User-agent: googlebot
Disallow:
User-agent: araneo
Disallow: /
User-agent: *
Disallow: /no-unknown-bots/
Disallow: /logs/only-google.htm
Look in the additional resources below to find a link to a robots.txt validator to make sure your syntax is correct. Note that the (*) means "any other robot" not "all robots".
You are only allowed one user-agent per statement block. Here is an example of this and it is NOT OK:
User-agent: googlebot, araneo
Disallow: /
-or-
User-agent: googlebot
User-agent: araneo
Disallow: /
How to Keep Out Prying Eyes
If you are going to have a robots.txt file, chances are good that some people might want to paruse the directories and view your files. Here is what I have done to keep this from happening. If it is a directory I just don't want indexed, then I don't care if anyone sees it. If I don't really want people in there, I just create a file in the directory called index.htm and make it loop back to my home page and presto, noone can browse my directory. This isn't going to work if you put a specific file in your robots.txt file and you don't want anyone viewing it. The best thing to do is to put the file in a directory of it's own and bar the directory from being accessed.
Spiders can't see what isn't linked to, so if you have a directory that you don't want them to go in and there are no links to it, it is best to just leave it out of the robots.txt file. The reason being is that some rogue spiders will look at your robots.txt file just to find out about directories that aren't linked to.
Another way to keep people from viewing the contents of your directories is to use .htaccess if you have it available to you.

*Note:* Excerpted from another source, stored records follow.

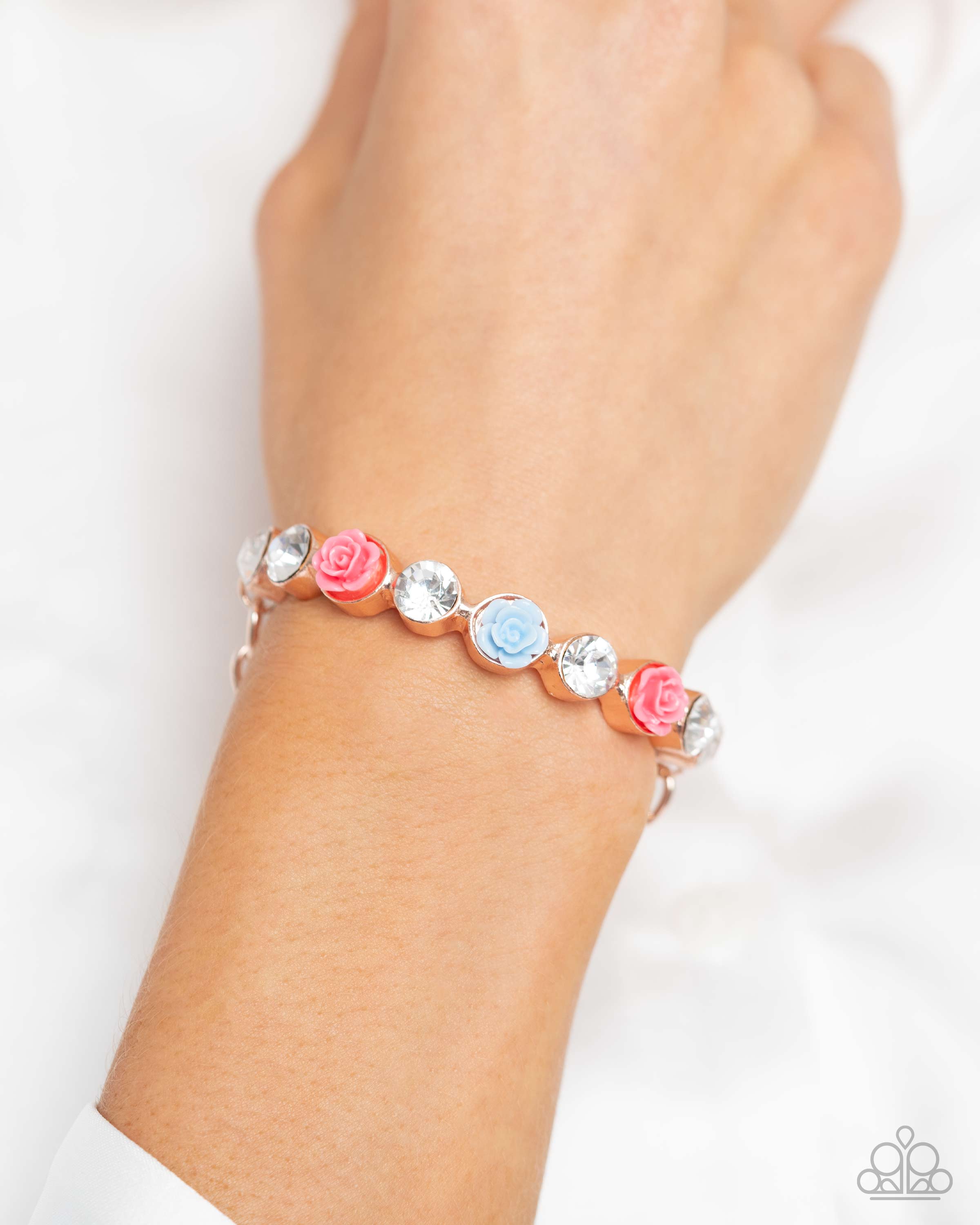 Pressed in bubbly rose gold fittings, a collection of Desert Rose and Winter Sky rose acrylics join white rhinestones along the wrist, connecting to rose gold curb chain links for a whimsically wondrous display. Features an adjustable clasp closure.
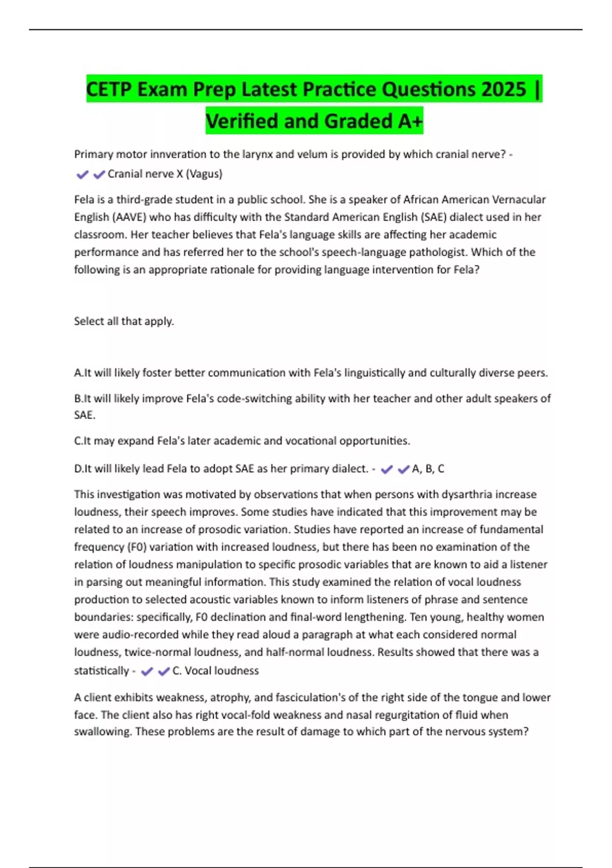 D.It will likely lead Fela to adopt SAE as her primary dialect. - A, B, C
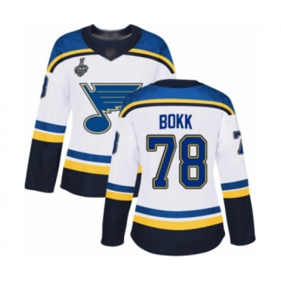 Women's St. Louis Blues #78 Dominik Bokk Authentic White Away 2019 Stanley Cup Final Bound Hockey Jersey
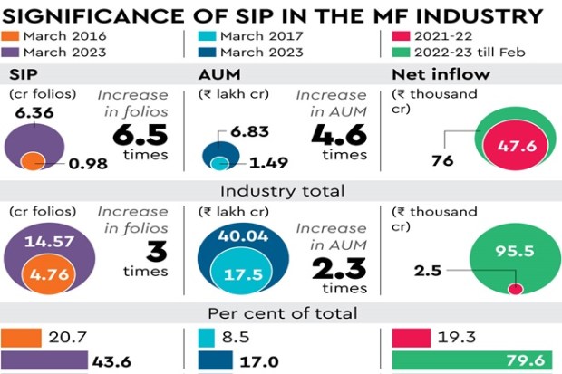 In 2021-22, net fresh inflow via the SIP route, i.e. gross inflows net of redemptions, was 19.3% of fresh inflow in the industry. In 2022-23, till February 2023, net inflow through SIP was almost 80% of the fresh inflows, which is remarkable. The other contributor to this was lump-sum outflows in 2022-23. The equity market, at least the indices, did not do much. Returns from debt funds were muted. This underscores the importance of the discipline imparted by SIP.
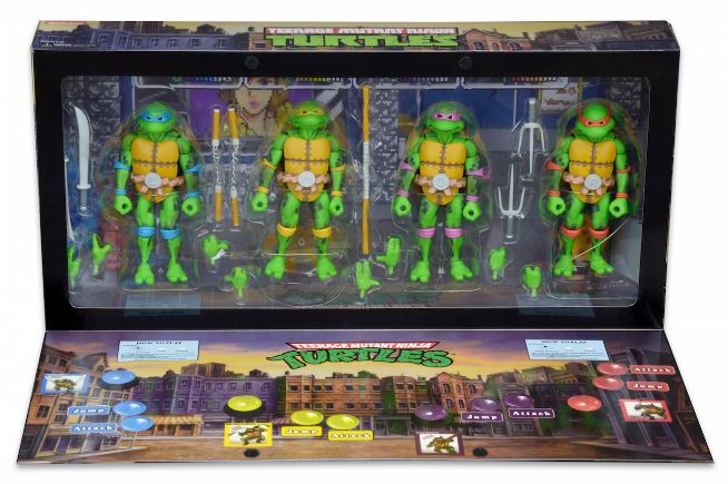 Attendees at this year’s San Diego Comic-Con, which starts on July 21st, will get first chance to own two sets of four action figures based on the Turtles themselves – as they appeared in the game, and also the Shredder and his foot soldiers. Each of the figures comes loving sculpted by the maker NECA and feature multiple points of articulation, along with signature weapons.
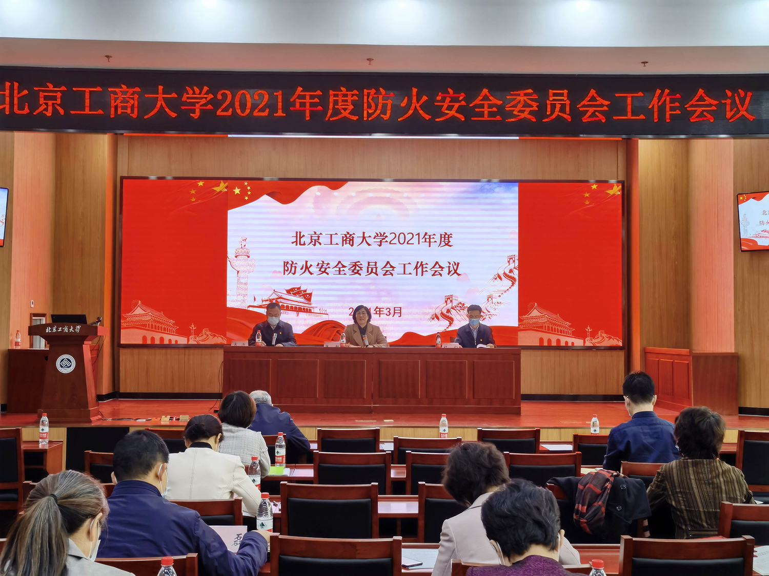 3月17日,學(xué)校在阜成路校區(qū)召開(kāi)防火安全委員會(huì)工作會(huì)議,總結(jié)2020年度學(xué)校消防安全工作,表彰2020年安全教育宣傳實(shí)踐月活動(dòng)優(yōu)秀組織單位,部署2021年消防工作。學(xué)校防火安全委員會(huì)主任、副校長(zhǎng)張?jiān)懦鱿瘯?huì)議并講話(huà)。學(xué)校各單位消防安全責(zé)任人、管理人參加會(huì)議。防火安全委員會(huì)辦公室主任、保衛(wèi)處處長(zhǎng)吉濤主持會(huì)議。
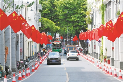 恩宁路骑楼街两旁挂满了鲜艳的五星红旗

Here is the syntax you need to add various options to your .htaccess file.
To turn indexes off in your directories, use this line of code:
Options -Indexes
If your server has indexes disabled and you want to turn indexes on, or if you have a .htaccess file in a directory that you want indexes on, use this line of code:
Options +Indexes
If you want to have your directory contents listed, but want certain file types to be excluded from the listings, use this code:
IndexIgnore *.extension *.extension
extension is the extension of the files you don't want listed(eg. *.gif *.jpg *.jpeg). If you were to put Indexignore * in the file, that would be the same as Options -Indexes.